El tercer tipo de argumentos en contra de los transgénicos es, a mi juicio, el único
verdaderamente válido: el de orden socioeconómico. Por definición, este tipo de
cultivos no germinan, es decir, no producen semillas que puedan reproducirse. Ello
coloca a los agricultores en una situación de completa dependencia con respecto a los
suministradores de las semillas transgénicas, lo cual, por una parte, incrementa sus
costes de producción (puesto que ya no pueden separar parte de las semillas de la
cosecha anterior para usarlas en la siembra de la temporada siguiente) y por otra deja
a los campesinos a largo plazo por completo a merced de los productores de
transgénicos a la hora de decidir qué, cuándo y cómo pueden cultivar. Dado que la
inmensa mayoría de los transgénicos en el mercado son comercializados por enormes
grupos empresariales agroindustriales, operando habitualmente en régimen
oligopólico, la expansión de los transgénicos, en definitiva, supone un zarpado brutal a
la autonomía económica del pequeño campesinado a favor de dichos grupos de poder.

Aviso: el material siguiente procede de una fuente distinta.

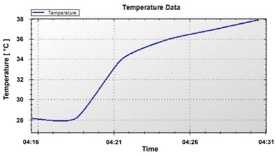 Before performing the temperature measurement (experiment to determine the transfer function between the temperature and output voltage of the temperature sensor’s readout circuit), it is necessary to calibrate the resistive temperature sensor used in this work. This is important because the initial resistance can change with environmental conditions, such as humidity, and with manufacturing variations due to the conditions under which they were made. Toward this end, we measure the initial resistance of the sensor at 25 °C (room temperature). We set the initial resistance of the potentiometer to a value higher than the sensor’s resistance so that the output voltage of the amplifier is about 100 mV, and then start the temperature sensing. The sensor calibration is a one-time process that is performed before using the sensor platform, where the calibration compensates for the manufacturing variations of R1 and Rp used in the temperature sensor readout circuit, as shown in Figure 6. To find the output voltage of the temperature sensor readout circuit, the temperature was varied from 25 °C to 45 °C (target detection range), and the output voltage corresponding to each temperature level was monitored for 100 cycles, where the average temperature–voltage relationship is given as follows:

Si los transgénicos fueran considerados bienes de dominio público, producidos por o
bajo la supervisión de instancias oficiales y distribuidos sin ánimo de lucro, entonces
ese riesgo de dependencia quedaría de facto diluido. Así pues, el problema no son los
transgénicos en sí mismos, sino la monopolización de su comercialización por parte de
los oligopolios. Contra ella deberían dirigirse las críticas, y no contra el uso de los
transgénicos en sí mismo.
Valga decir, no obstante, que muchas de las aclamadas virtudes de la modificación
genética de los alimentos, pueden conseguirse a un coste mucho menor por otras
vías. Por ejemplo, gran parte de las plagas agrícolas pueden combatirse mediante
sistemas integrados ecológicos, mucho más baratos y accesibles para los pequeños
agricultores que el uso de semillas inmunizadas genéticamente o tradicional el empleo
de herbicidas industriales. Tampoco es preciso enriquecer genéticamente el arroz con
vitamina A como única opción para garantizar una ingesta suficiente de la misma. La
vitamina A se puede consumir como suplemento, o bien puede incorporase en el
procesamiento del arroz en pasta y otros derivados. Si eso no se hace es, pura y
simplemente, porque comercialmente es más rentable hacer a los campesinos
dependientes de determinadas variedades de semillas.